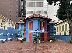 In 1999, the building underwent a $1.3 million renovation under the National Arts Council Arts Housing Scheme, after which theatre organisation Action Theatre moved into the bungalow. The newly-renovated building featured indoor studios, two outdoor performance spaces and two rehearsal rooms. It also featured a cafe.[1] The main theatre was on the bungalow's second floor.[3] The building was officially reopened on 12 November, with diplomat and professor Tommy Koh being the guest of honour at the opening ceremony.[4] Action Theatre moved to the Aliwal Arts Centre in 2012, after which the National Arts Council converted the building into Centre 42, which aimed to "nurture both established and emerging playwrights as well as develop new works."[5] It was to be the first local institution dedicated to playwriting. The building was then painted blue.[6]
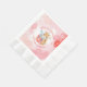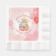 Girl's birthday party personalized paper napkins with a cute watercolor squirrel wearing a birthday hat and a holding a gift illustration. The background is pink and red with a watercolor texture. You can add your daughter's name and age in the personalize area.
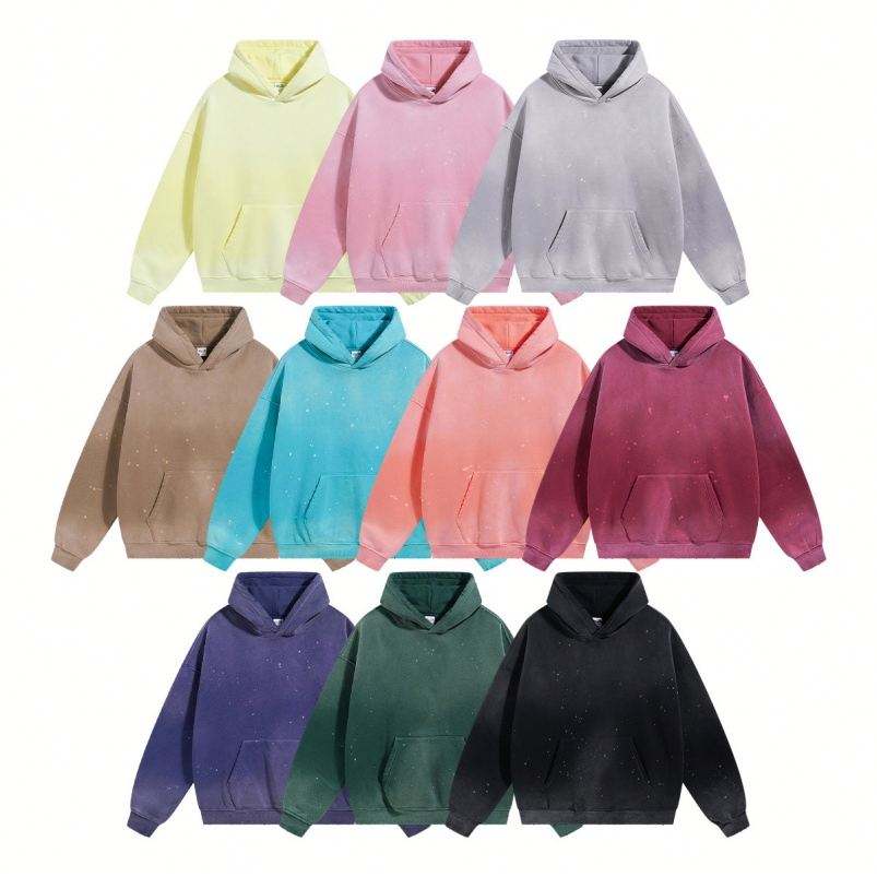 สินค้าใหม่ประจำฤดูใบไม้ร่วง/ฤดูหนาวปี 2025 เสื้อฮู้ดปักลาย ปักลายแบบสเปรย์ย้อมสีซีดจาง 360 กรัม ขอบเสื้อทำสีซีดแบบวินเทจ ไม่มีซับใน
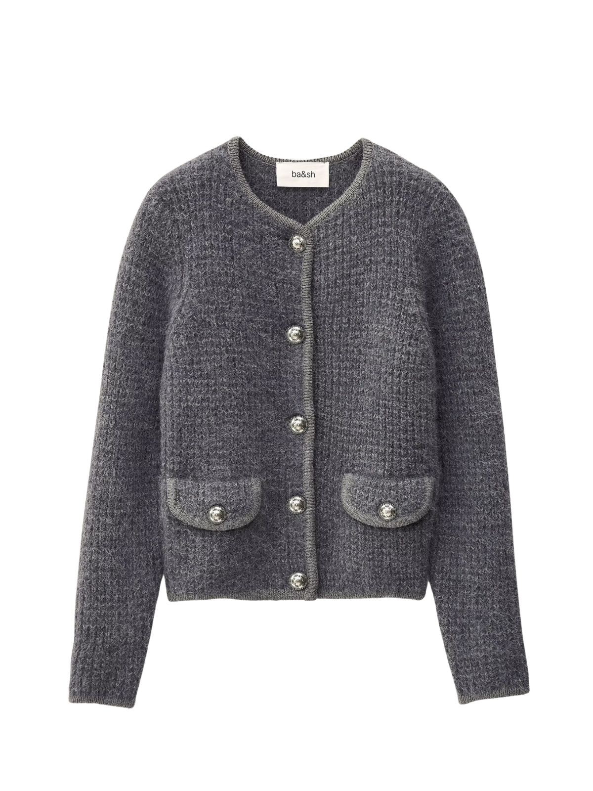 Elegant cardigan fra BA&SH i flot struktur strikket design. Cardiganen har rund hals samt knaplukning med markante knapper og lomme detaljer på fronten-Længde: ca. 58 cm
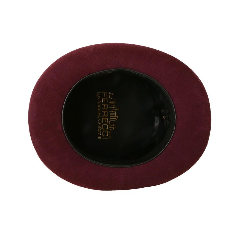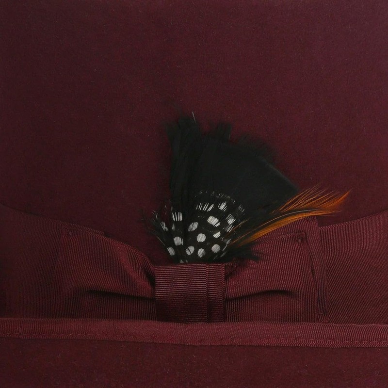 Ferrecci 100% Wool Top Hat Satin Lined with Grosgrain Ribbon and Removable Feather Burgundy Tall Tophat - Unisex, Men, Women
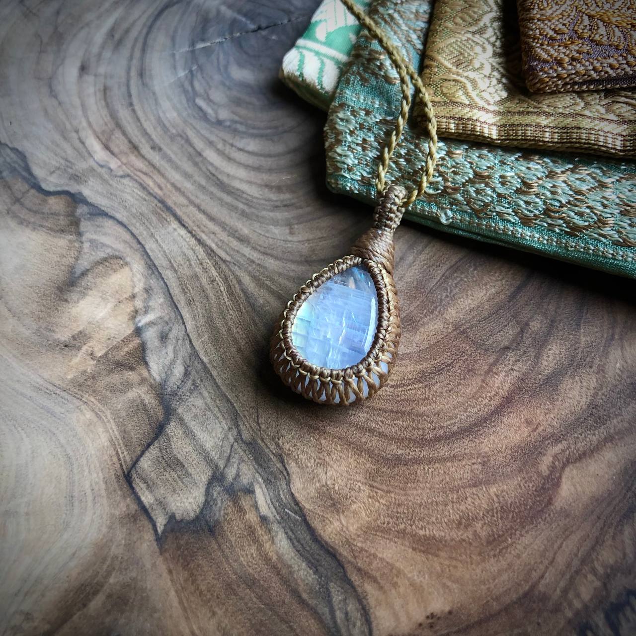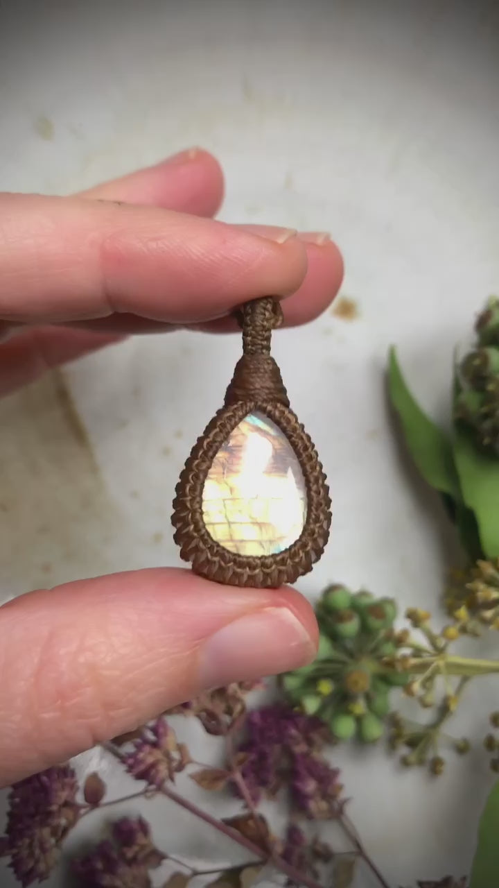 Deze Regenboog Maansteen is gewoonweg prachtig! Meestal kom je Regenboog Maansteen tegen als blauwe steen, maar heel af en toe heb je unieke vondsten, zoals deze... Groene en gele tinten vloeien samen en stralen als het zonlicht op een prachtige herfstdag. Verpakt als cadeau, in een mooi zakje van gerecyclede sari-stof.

- _Activity_
Please print exactly the lines from the line containing "สินค้าใหม่ประจำฤดูใบไม้ร่วง/ฤดูหนาวปี 2025 เสื้อฮู้ดปักลาย" through the end of the records above, both included, leaving out every picture.

- _Reply to the exercise_
 สินค้าใหม่ประจำฤดูใบไม้ร่วง/ฤดูหนาวปี 2025 เสื้อฮู้ดปักลาย ปักลายแบบสเปรย์ย้อมสีซีดจาง 360 กรัม ขอบเสื้อทำสีซีดแบบวินเทจ ไม่มีซับใน
 Elegant cardigan fra BA&SH i flot struktur strikket design. Cardiganen har rund hals samt knaplukning med markante knapper og lomme detaljer på fronten-Længde: ca. 58 cm
 Ferrecci 100% Wool Top Hat Satin Lined with Grosgrain Ribbon and Removable Feather Burgundy Tall Tophat - Unisex, Men, Women
 Deze Regenboog Maansteen is gewoonweg prachtig! Meestal kom je Regenboog Maansteen tegen als blauwe steen, maar heel af en toe heb je unieke vondsten, zoals deze... Groene en gele tinten vloeien samen en stralen als het zonlicht op een prachtige herfstdag. Verpakt als cadeau, in een mooi zakje van gerecyclede sari-stof.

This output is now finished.